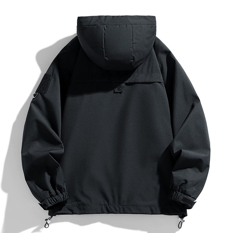 Windbreakers Men Hooded Jacket Zipper Coat Cargo Waterproof Black Bomber Camping Loose Thin Softshell Hooded Hiking Jacket
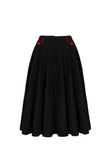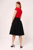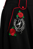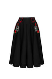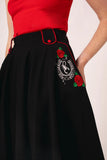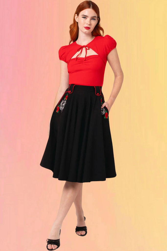 This 50’s style, black bengaline skirt intricate embroidery of horseshoes, scorpions, and roses on the front pockets. Red piping edges the pockets and the belt loops, adding that little touch of drama. The full circle skirt creates volume and flair, perfect for pairing with our petticoats to get that full vintage feel.
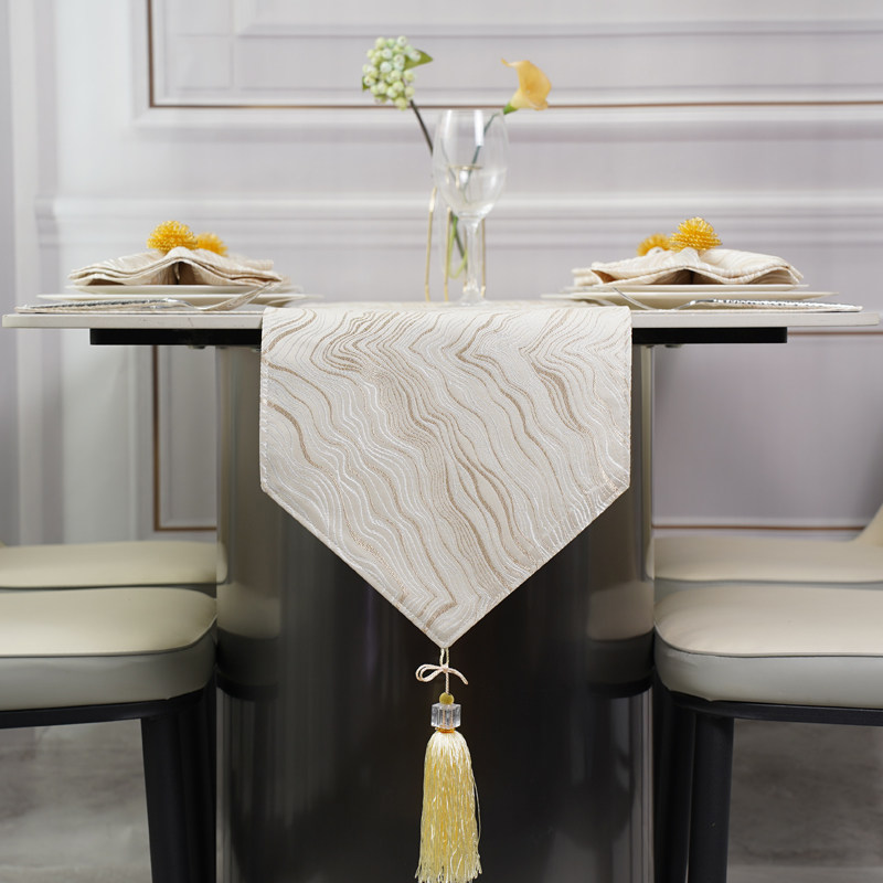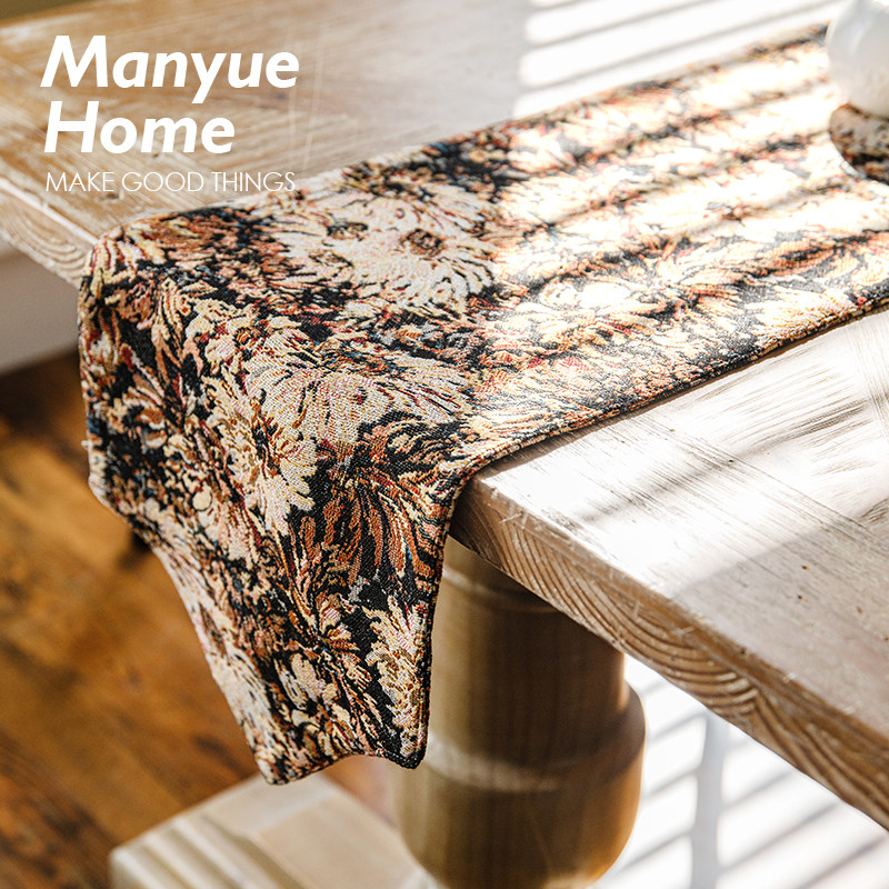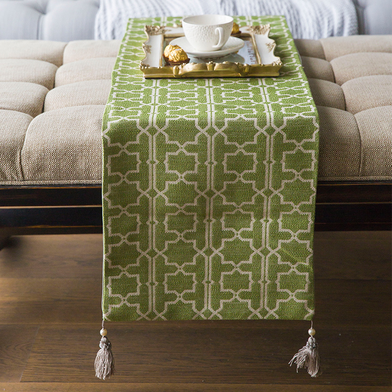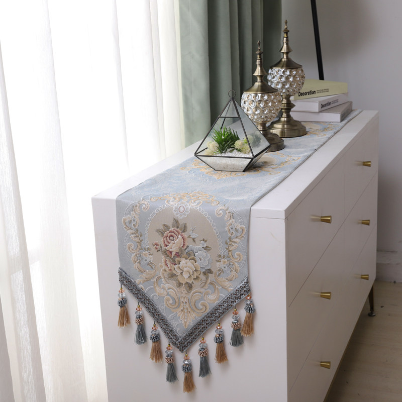 轻复古提花餐桌旗民族风活动摆台茶几旗布玄关餐边柜旗流苏床尾旗
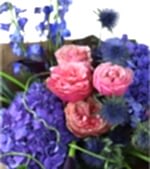 Mystic Violet Ortanca Buketi, morun gizemini ve pembe tonların enerjisini bir araya getiren zarif bir tasarımdır. Mavi-mor ortancalar, asil görünümüyle dikkat çekerken; pembe güller ve mor lavanta dokunuşları bukete romantik bir denge kazandırır.
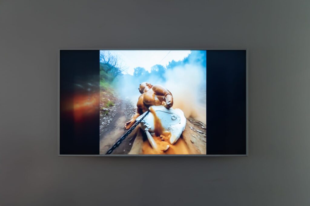 Scerbo’s work also connects with a cinematic intent through the use of a longer-format AI video, yet it transcends traditional filmmaking to reveal a kind of living sculpture in perpetual metamorphosis; a continuous, installation-like flow where brutalism and surrealism merge to create a disconcerting and impactful result.
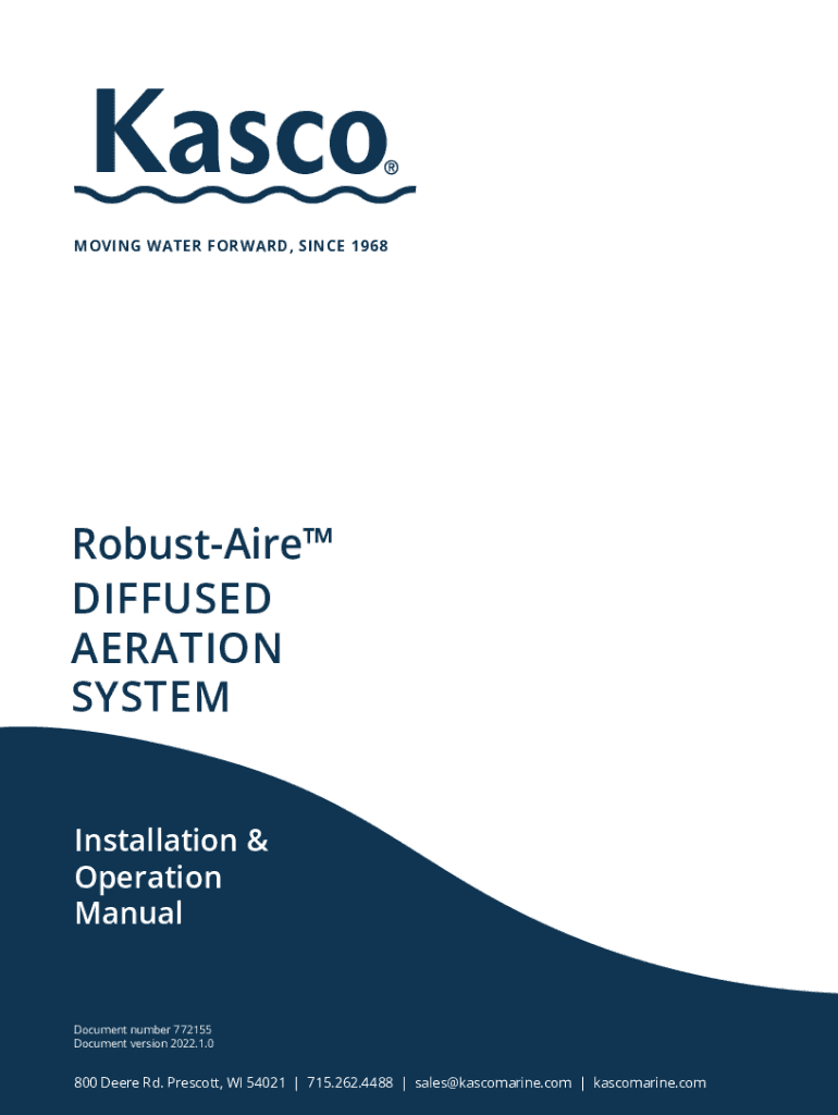 MOVING WATER FORWARD, SINCE 1968RobustAire DIFFUSED AERATION SYSTEM Installation & Operation ManualDocument number 772155 Document version 2022.1.0800 Deere Rd. Prescott, WI 54021 | 715.262.4488 |
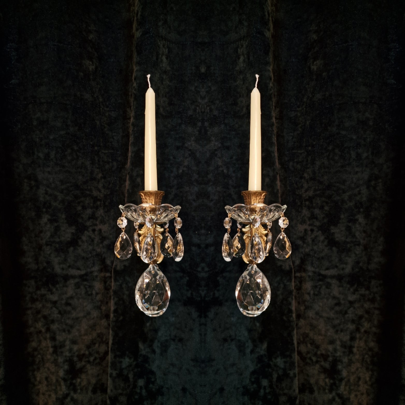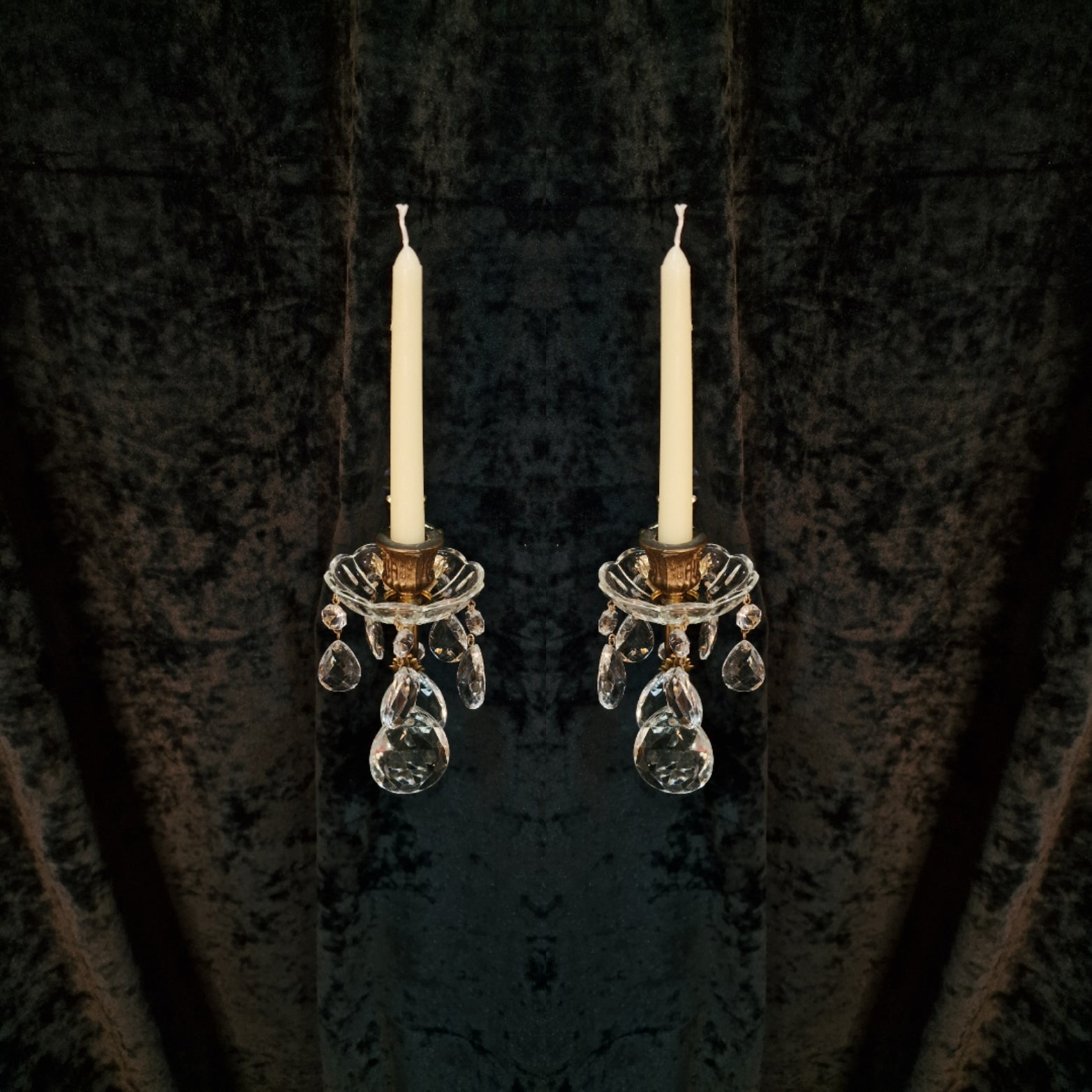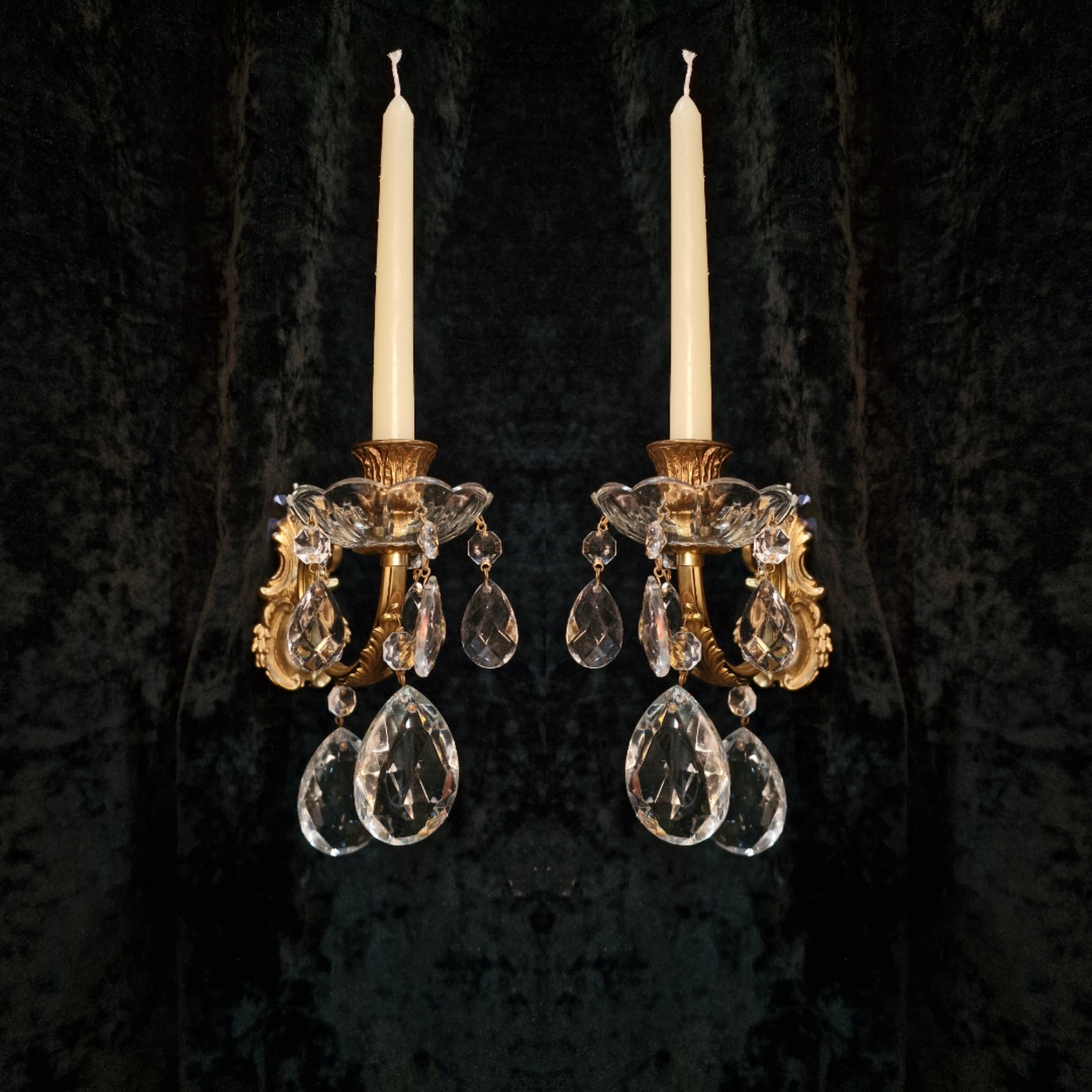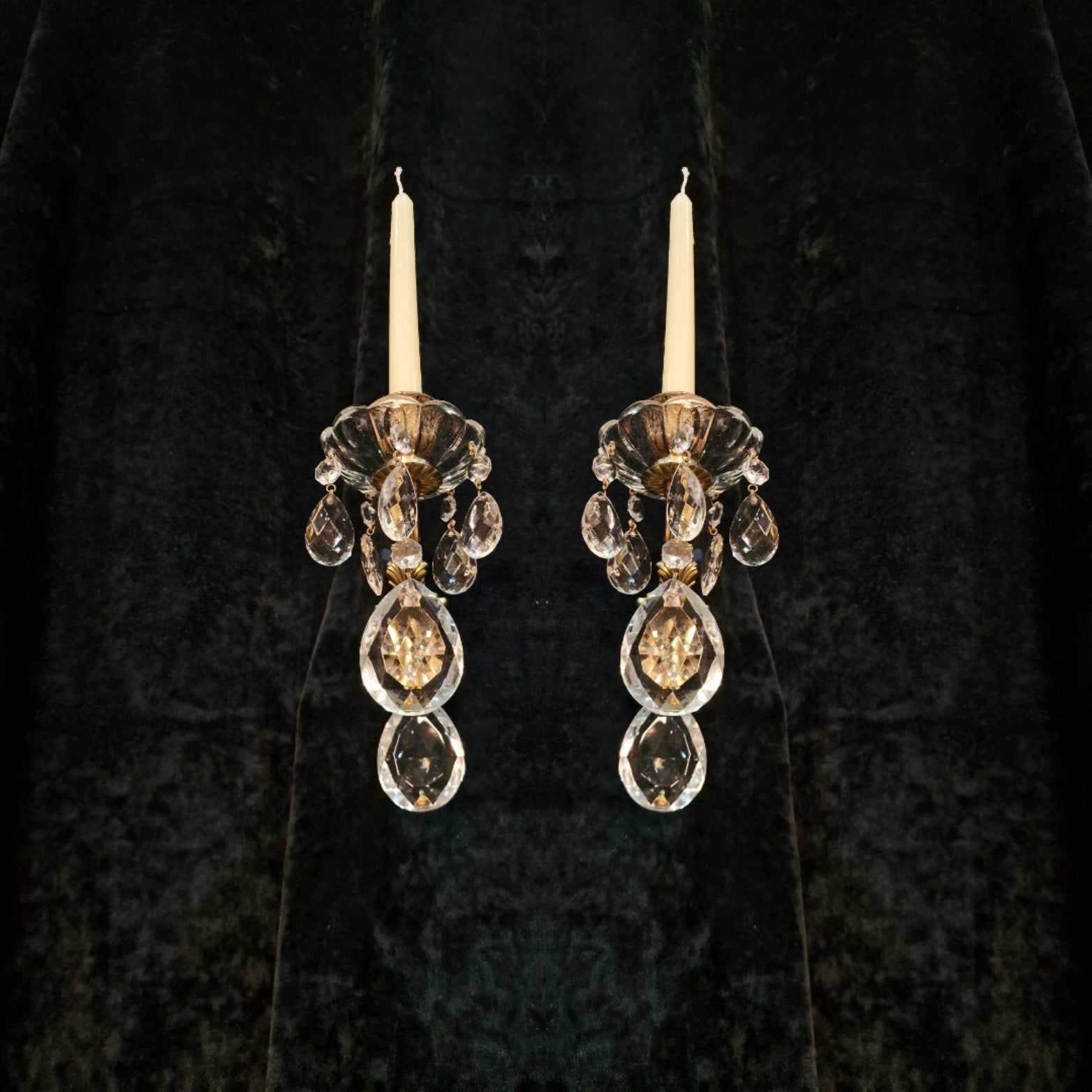 These sconces are in lovely condition for their age with no damage and come complete with glass crystals and glass bobeche dishes.

## Work instruction
Leave every picture out and write out exactly the lines from the line with "Scerbo’s work also" through the last line of the material.

## Reply
 Scerbo’s work also connects with a cinematic intent through the use of a longer-format AI video, yet it transcends traditional filmmaking to reveal a kind of living sculpture in perpetual metamorphosis; a continuous, installation-like flow where brutalism and surrealism merge to create a disconcerting and impactful result.
 MOVING WATER FORWARD, SINCE 1968RobustAire DIFFUSED AERATION SYSTEM Installation & Operation ManualDocument number 772155 Document version 2022.1.0800 Deere Rd. Prescott, WI 54021 | 715.262.4488 |
 These sconces are in lovely condition for their age with no damage and come complete with glass crystals and glass bobeche dishes.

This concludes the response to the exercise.